Ward and Helene walk through the farmer’s market at Prospect Park, stopping between booths to sample and buy food. As she examines some ears of corn, Helene asks a question: “So how are YOU, Ward?” // “Me? People keep asking me that.” // “Well. You lost your best friend, your best client, and if you don’t mind my saying, you don’t have much else going for you without her, do you?” // “I’ve been trying to ignore that fact.” // “So. How ARE you?” // “Are you trying to recruit me to harakiri, or…?” She manages a laugh; he’s happy to see her smile. “I’m just worried about you,” Helene says. “Just as I was done worrying about you. Now, I can’t stop thinking about what you should do.” // “Well? What do you think should I do?” // “I haven’t any conclusions, or else I’d stop thinking about it.” He purses his lips, like “Yeah, hmm,” and we cut back to Helene’s apartment, as she and Ward eat dinner. We hear Alina’s voice, shouting from the couch nearby: “Ask her about my book.” Ward gives her a glare as Helene is distracted by the meal. Alina again: “Ask her!” Ward fumbles for words: “Helene?” She looks up, smiling. He continues: “What would you like to do with Alina’s manuscript? I reckon the publisher will still want to print it.” // “So print it, for God’s sake. That’s a no brainer.” // “Well, it needs rewrites. Lots of them. It’s great but there’s a lot of change in direction.” // “So have Tracey do it. She can work from here. I’d love the company.” Alina, screaming again: “Plot twist!”

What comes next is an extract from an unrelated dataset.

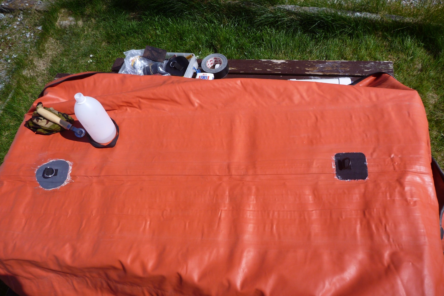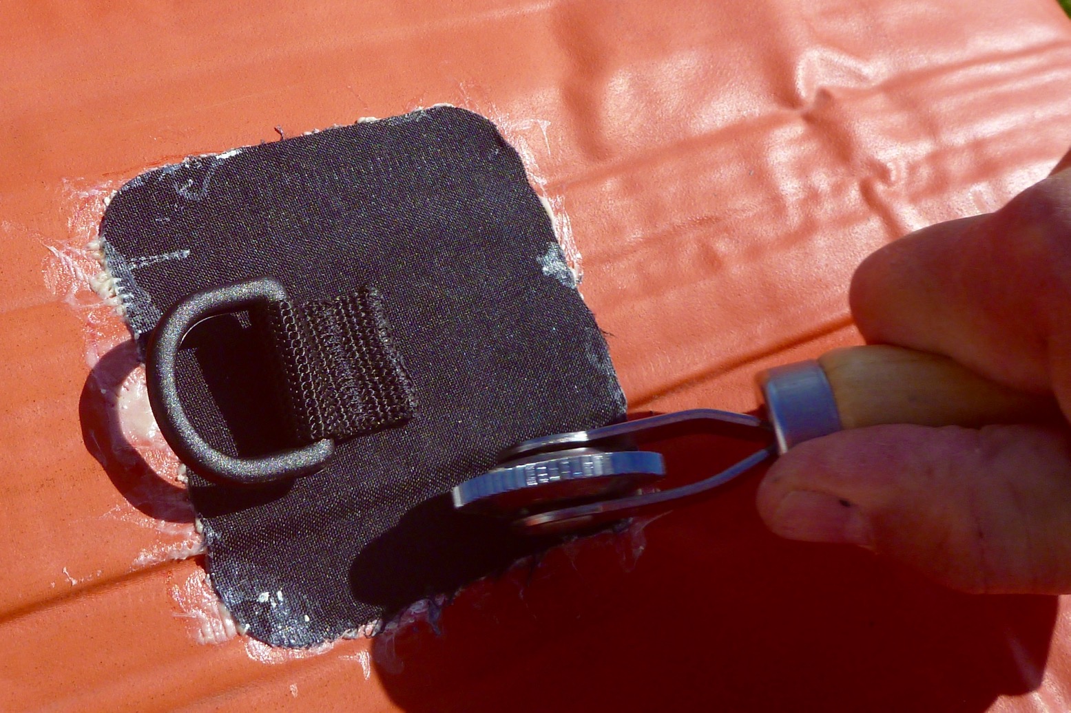 With glue left over, I thought I may as well stick on couple of floor patches for a seat base and a footrest tube. As these are non-critical fittings I used any old D-rings I had: a woven nylon one and probably a PVC. I’ve glued PVC to hypalon before for other fittings.

Alina, barking loudly as the table gets cleared: “It makes sense! Tracey has the knack. She’s a psycho bitch who better not mess up my final book, but you’ll keep close watch! I’m just glad it’ll get published. And that’ll keep you afloat for a while too, Ward. It’s great, right? Why don’t you look more excited? Everyone wins! And if she works from here, I’ll be able to keep track of her, too…Oooh, maybe I can haunt her?” Alina won’t shut up, even after Ward leaves the living room for the kitchen. Helene is in there, loading the dishwasher. “Are you alright with me going home tonight?” he asks her. “I think I’ll sleep better there.” // “Wow, the tides have shifted, have they? Are you making progress with…everything?” // “Heaps. I’ll be back first thing in the morning, and we can discuss the Tracey thing. If that’s what you want.” // “We both owe it to Alina to help get this book published.” Cut to: Ward pulls up to his Westchester home. Instead of hesitating to go inside, he marches in, but the momentum dies just before the bedroom. After stopping to collect himself, he turns on the light and sees Amanda, who is sitting at the end of the bed, as always. Before she can say anything, he starts: “I’m selling the house.” A long pause, then Amanda: “Where will I go?” // “I’m selling the house.” // “Where will I go, Ward?” // “I’m selling the house, Amanda.” // “Where. Will. I. Go?” // “I’m. Selling. The. House.” // “WHERE WILL I GO?” // “I’M SELLING THE DAMN HOUSE.” He’s boiling now, and seals it: “I don’t care where you go. As long as I never have to see you again.”